DATA BLOCK:
##############################
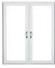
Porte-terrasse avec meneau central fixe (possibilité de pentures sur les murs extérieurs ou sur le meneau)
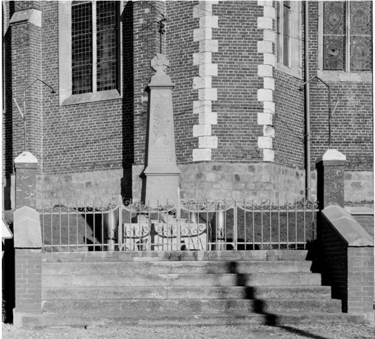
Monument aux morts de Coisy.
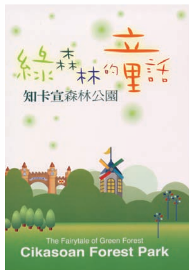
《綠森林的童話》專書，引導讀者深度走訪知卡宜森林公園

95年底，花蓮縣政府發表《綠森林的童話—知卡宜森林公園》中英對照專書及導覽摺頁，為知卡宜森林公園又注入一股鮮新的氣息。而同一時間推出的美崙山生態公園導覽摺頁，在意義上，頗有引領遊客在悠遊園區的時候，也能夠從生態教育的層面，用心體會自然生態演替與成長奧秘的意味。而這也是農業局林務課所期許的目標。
##############################
INSTRUCTIONS TO FOLLOW:
Search the listing above for "綠森林的童話" and copy every line that holds it.

OUTPUT BELOW:
《綠森林的童話》專書，引導讀者深度走訪知卡宜森林公園
95年底，花蓮縣政府發表《綠森林的童話—知卡宜森林公園》中英對照專書及導覽摺頁，為知卡宜森林公園又注入一股鮮新的氣息。而同一時間推出的美崙山生態公園導覽摺頁，在意義上，頗有引領遊客在悠遊園區的時候，也能夠從生態教育的層面，用心體會自然生態演替與成長奧秘的意味。而這也是農業局林務課所期許的目標。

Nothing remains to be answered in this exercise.